January 16, 2013–For the past 11 years, Jenny McMillan of Newark, Del., has been running McMillan Books, an online bookstore that primarily stocks used books, CDs and DVDs. What began for McMillan as an eBay hobby in 2001 became a business by 2005, and she left a full-time marketing job to purvey goods with her husband on Amazon and BarnesandNoble.com, in addition to eBay.
It’s a healthy operation, but the nature of the business has often presented the McMillans with sudden chances to purchase rare items and antiquarian books — opportunities that, due to the outlay required, they typically couldn’t afford.
“Without the ready cash, we were not always able to take advantage of these opportunities,” McMillan said.
Last year, they decided it was time to find a way to solve that problem, and get access to the capital they needed to help McMillan Books grow. Enter Kabbage, an online financing company based in Atlanta that provides cash advances to help businesses expand. Focused on online vendors like the McMillans, Kabbage’s lending criteria judge businesses on based Web-oriented benchmarks.

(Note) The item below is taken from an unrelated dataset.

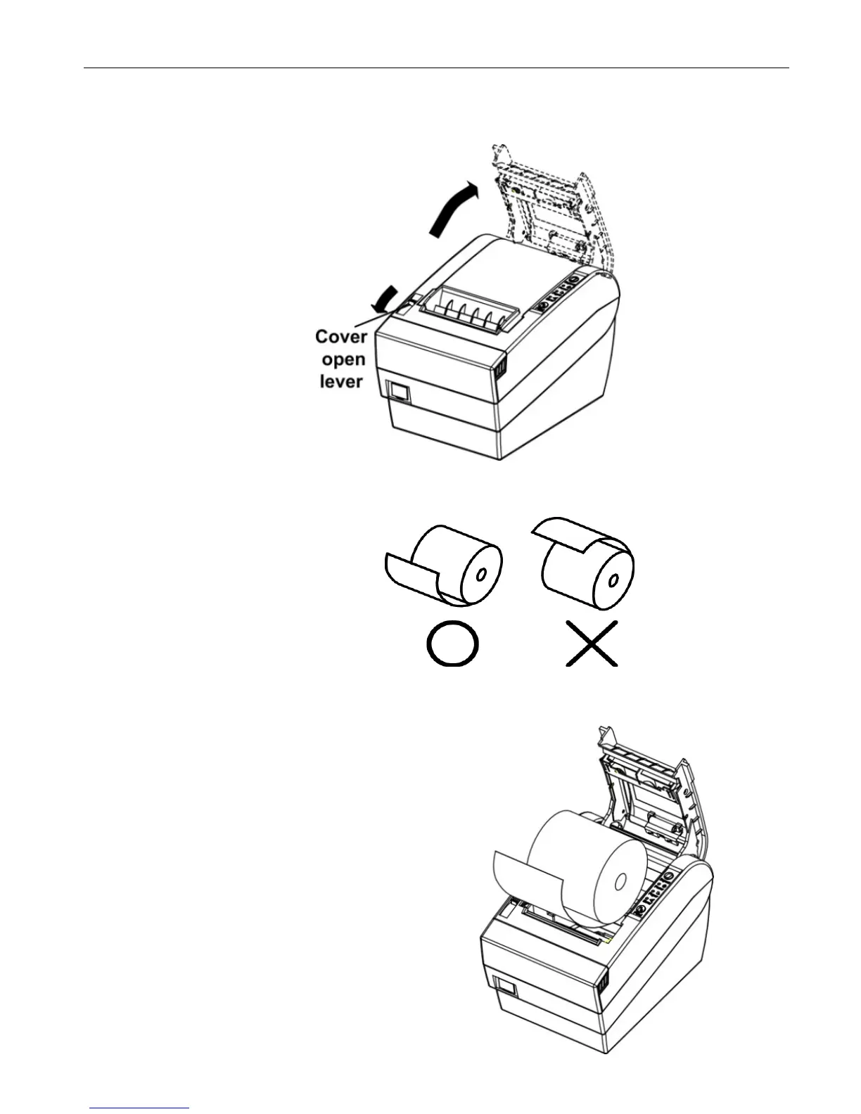 (3) Put the paper roll into paper trough and pull out the leading edge of the

It’s a sensible lending niche, in an era when traditional loans are increasingly hard to come by from banks.
“In a healthy, competitive financial system, new forms of credit allocating institutions arise to finance promising business when existing financial institutions do not perform this task well,” said professor Ross Levine, the Willis H. Booth Chair in Banking and Finance at Berkeley’s Haas School of Business.